NEON presents this year’s NEON City Project and the installation Athens Dies In Dreams At Sunrise by artist Alexandros Tzannis at the Old Quarry on Philopappos Hill (map) curated by Galini Noti.
The installation is taking place in collaboration with Green Athens | National Garden – Acropolis Hills, an entity of the City of Athens which manages the natural landscape and historical character of the National Garden and the archaeological site of the Western Acropolis Hills.
NEON City Project is an initiative conceived and commissioned by NEON to a Greek artist for the creation of a new work to be exhibited in a public space for a specific time period. The aim of the programme that has been running since 2014, is to activate public and historical places through contemporary art, contributing to the interaction of art, society and the city.
Athens Dies In Dreams At Sunrise by Alexandros Tzannis takes place in the old Quarry on the Philopappos Hill southern slope. Architects Bouki Babalou-Noukaki and Antonis Noukakis designed an infrastructure for outdoor sculpture exhibitions on this site as part of the unification of the archaeological sites of Athens in 2003. They created an open structure, a space intended to host art and people, which ultimately was never used for its original purpose. The structure is anchored in the rock and Tzannis’s sculpture attaches itself to it, subconsciously reactivating its original function as a space for outdoor sculpture exhibitions.

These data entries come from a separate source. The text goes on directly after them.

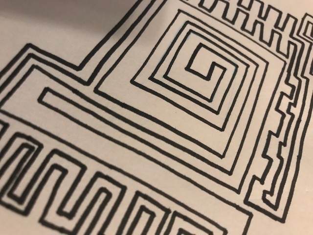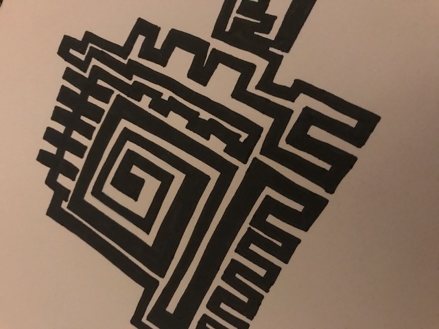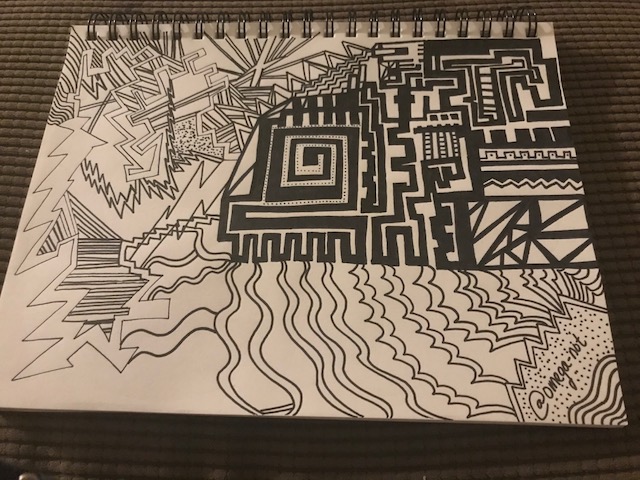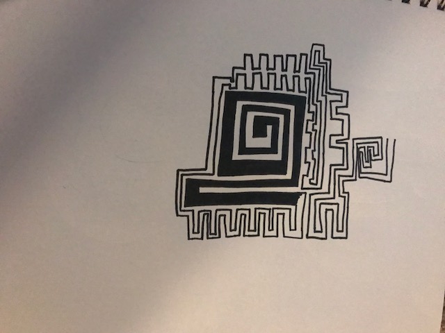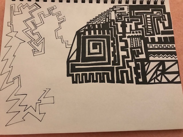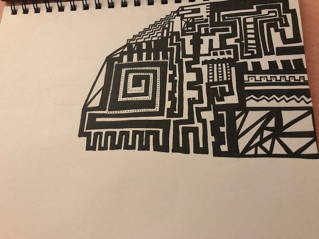 I started off with drawing a very orderly design, but as with anything that involves drawing something orderly, it looked kind of boring to me. I quickly began drawing with greater spontaneity, paying less attention to symmetry and neatness. I think it served as a good contrast because it looks as if the discord emphasizes the order.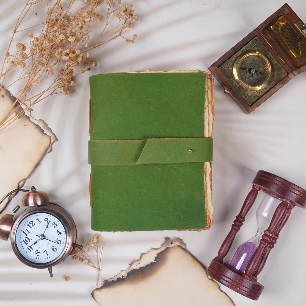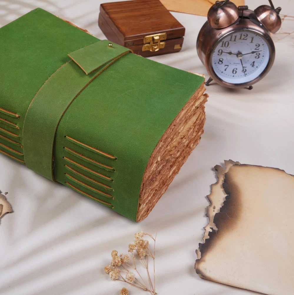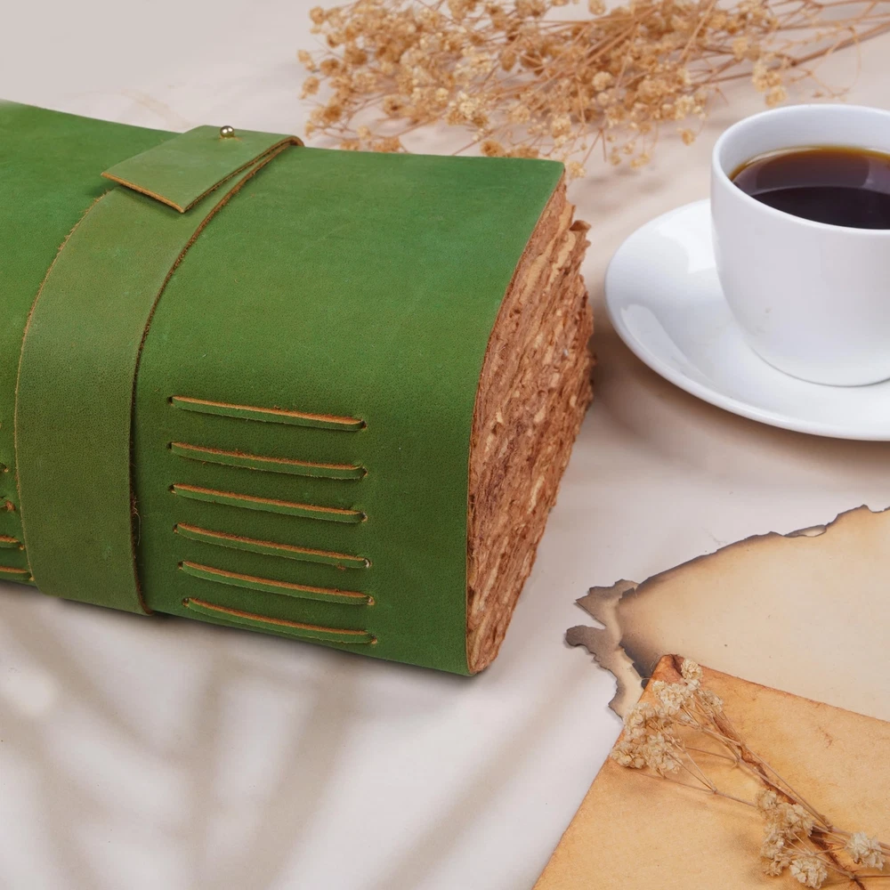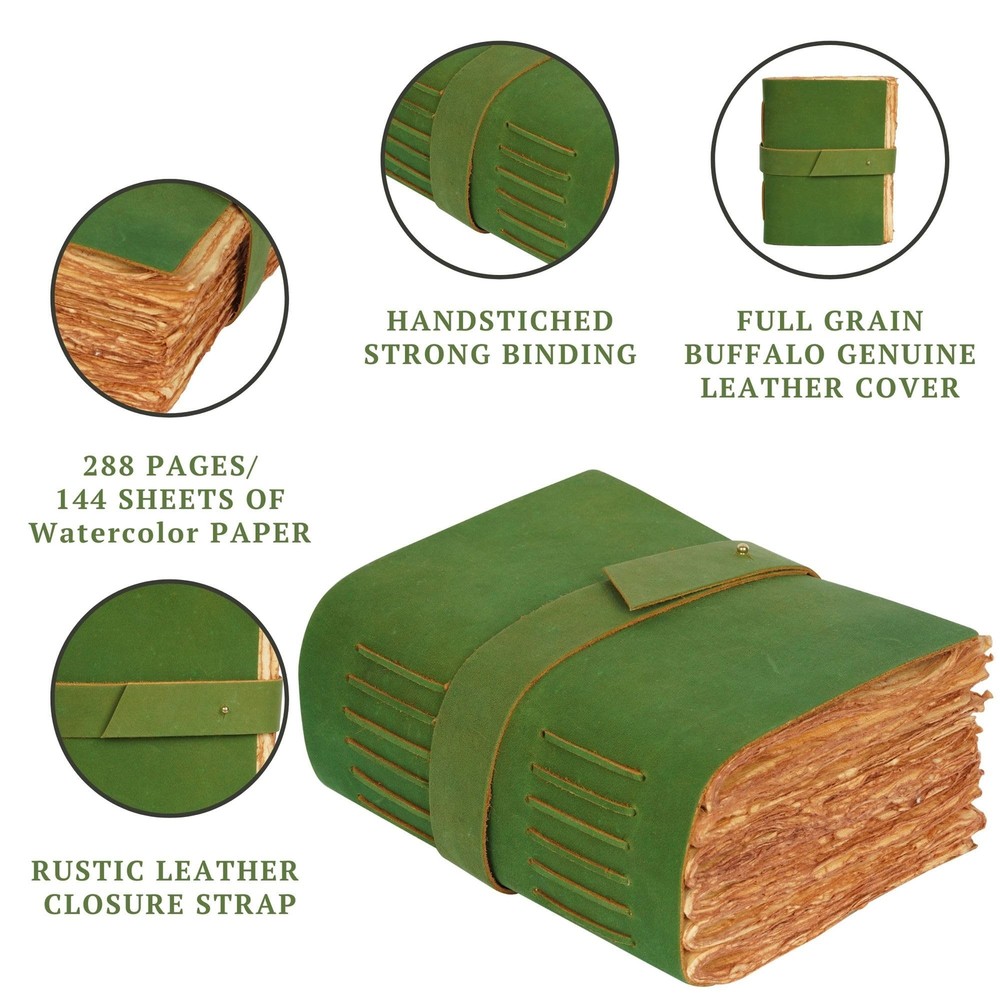Vintage Leather Bound Journal | Green 8"x6" (A5)| 288 Pages - Blank Cotton Antique Watercolor Paper | Multi-Purpose Diary for Writing, Spell Book, Travel, Art, and Scrapbooking | Handmade by Leather ✓ Free 60 Day Returns ✓ Free Express Shipping Description: Features: LEATHER COVER: This Vintage Journal is Made from Genuine Buffalo Leather which is naturally tanned with oils and is chrome free. As these Daily Journals are made with genuine Cruelty free leather naturally tanned with oils, salt, and scents so each vary in look and shade producing a unique Diary. MULTIPURPOSE JOURNAL : This leather Sketchbook comes with No Bleed Scrapbook Paper. The Mixed Media Sketchbook is Suitable for Watercolor, Acrylic Colors, Pastel Color and all Dry & Wet Mediums. Use it like Sketch Pad, Watercolor Sketchbook etc. TIMELESS GIFT: This Book Of Shadows Journal a lovely treat for your loved ones for an anniversary, birthday gift for men and women, Christmas gift, Harry potter gift, The lord of the rings gift, Game of thrones gift, thank you gift or graduation present or starting a new venture. Product Details: Brand: LEATHER VILLAGE Color: Green Theme: Book Sheet Size: A5 Pages: 288 Pages Cover Material: Leather Style: Vintage Leather Bound Journal Ruling Type: Plain Special Feature: Soft cover Number of Items: 1 Manufacturer: LV Brand: LEATHER VILLAGE Item Weight: 1.49 pounds Product Dimensions: 6 x 8 x 2 inches Item model number: LV-OP-001 Color: Green Cover Material: Leather Material Type: leather Number of Items: 1 Size: 8"X6" Ruling: Plain Sheet Size: A5 Manufacturer Part Number: LV-OP-001 Date First Available: November 16, 2019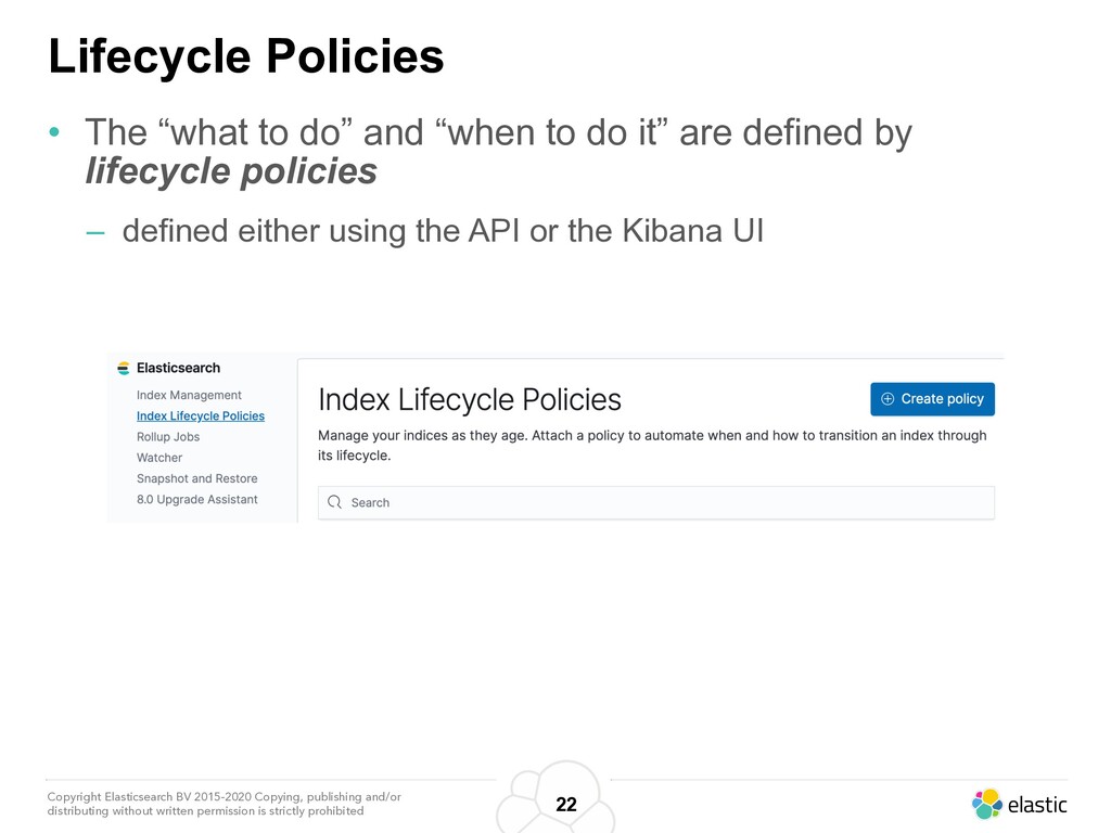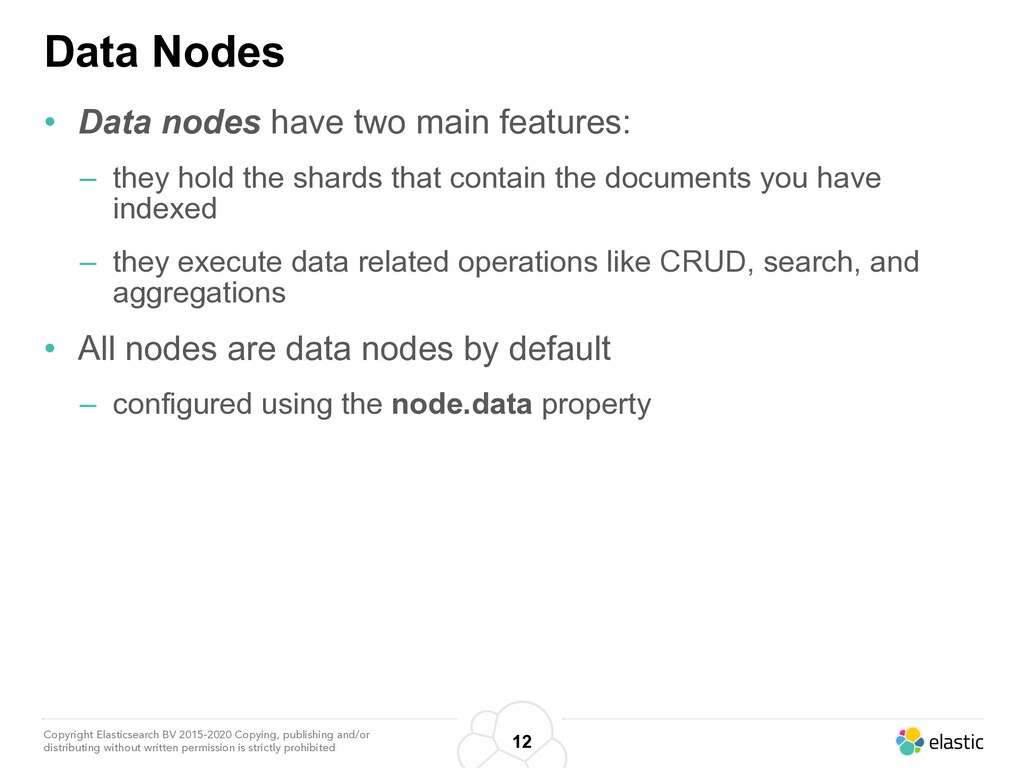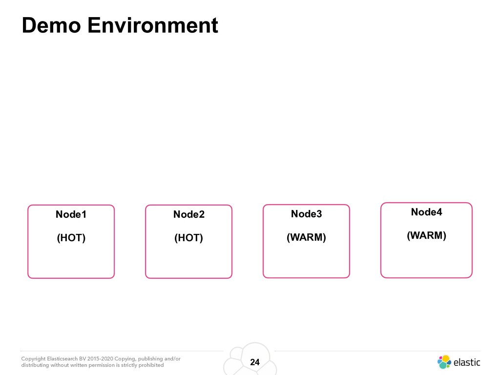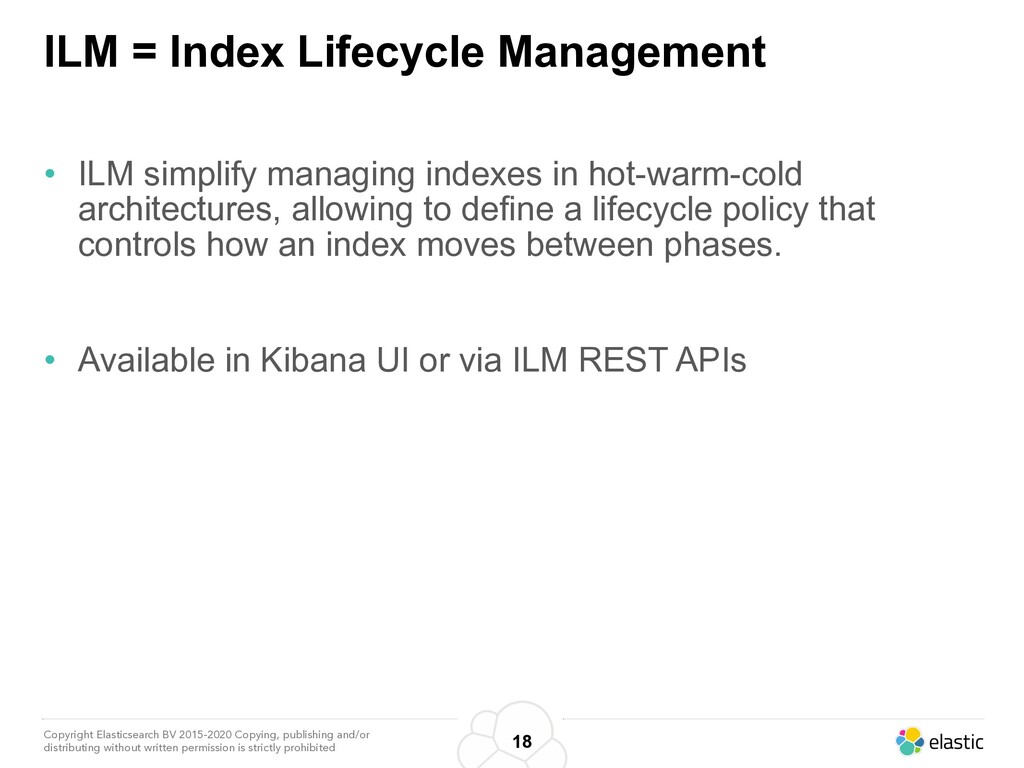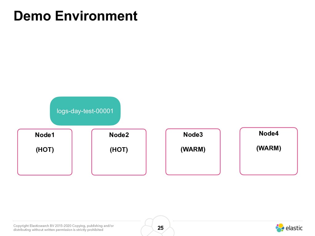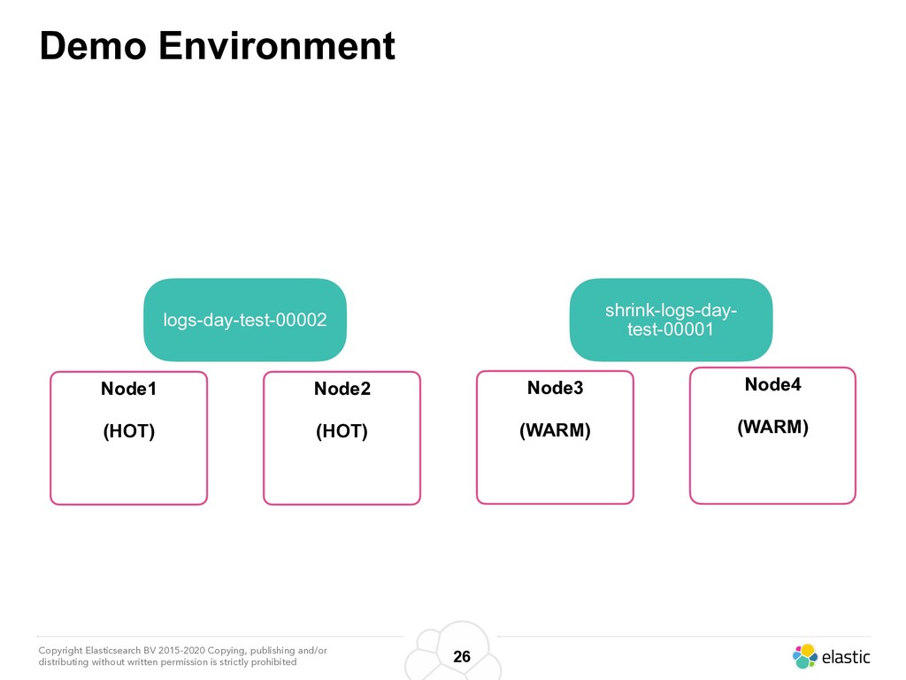 permission is strictly prohibited Hot Nodes • Use hot nodes for the indexing ‒ indexing is a CPU and IO intensive operation, so hot nodes should be powerful servers ‒ faster storage than the warm nodes 14 my_cluster { "volume": 46965, "high": 31.56, "stock_symbol": "ALL", "low": 30.68, "close": 30.91, "trade_date": "2010-01-15T07:00:00.000Z", { "volume": 46965, "high": 31.56, "stock_symbol": "ALL", "low": 30.68, "close": 30.91, "trade_date": "2010-01-15T07:00:00.000Z", { "volume": 46965, "high": 31.56, "stock_symbol": "ALL", "low": 30.68, "close": 30.91, "trade_date": "2010-01-15T07:00:00.000Z", { "volume": 46965, "high": 31.56, "stock_symbol": "ALL", "low": 30.68, "close": 30.91, "trade_date": "2010-01-15T07:00:00.000Z", { "volume": 46965, "high": 31.56, "stock_symbol": "ALL", "low": 30.68, "close": 30.91, "trade_date": "2010-01-15T07:00:00.000Z", { "volume": 46965, "high": 31.56, "stock_symbol": "ALL", "low": 30.68, "close": 30.91, "trade_date": "2010-01-15T07:00:00.000Z", { "username" : "kimchy", "tweet" : "Search is something that any application should have", "tweet_time" : "2010-02-17T23:09:00Z" } hot_node1 hot_node2 hot_node3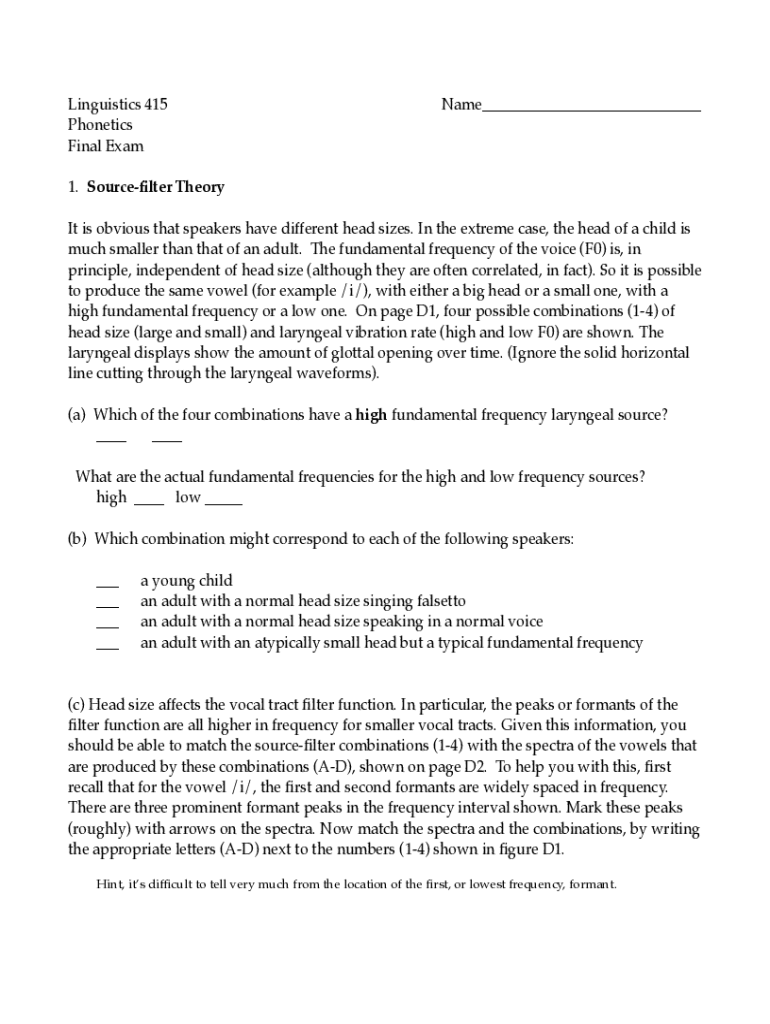 Name___1. Source later Theory It is obvious that speakers have different head sizes. In the extreme case, the head of a child is much smaller than that of an adult. The fundamental frequency of the

Curator Galini Noti notes: “Alexandros Tzannis’ work focuses on the city—on the layers of materials and histories that form this heterogeneous entity. The urban environment is constantly evolving, and his works explore these mutations. They behave like living organisms: growing and adapting to the spaces they inhabit while transforming them. A central aspect of his practice relates to the parasite—an organism that lives in another organism and nourishes itself from it.”
The base of the sculpture encases sunken sweatshirts, a reference to rave culture and the parties of the 1990s. Some of these parties took place in the quarry on Philopappos Hill. It is echoed in the frozen clothes, held in a frame that seems fluid but has solidified.
The ideal time to view the work is at night. The mining of materials from the earth – the metal of the sculpture and the stone that shapes the surrounding space – encompass acts of extraction, human labour, bodily movement shifting from repetitive mechanical action to dance at a party under electric light that both reveals and conceals.
The exhibition’s title Athens Dies In Dreams At Sunrise takes us to the end of the party at dawn, to the end of the dream upon awakening.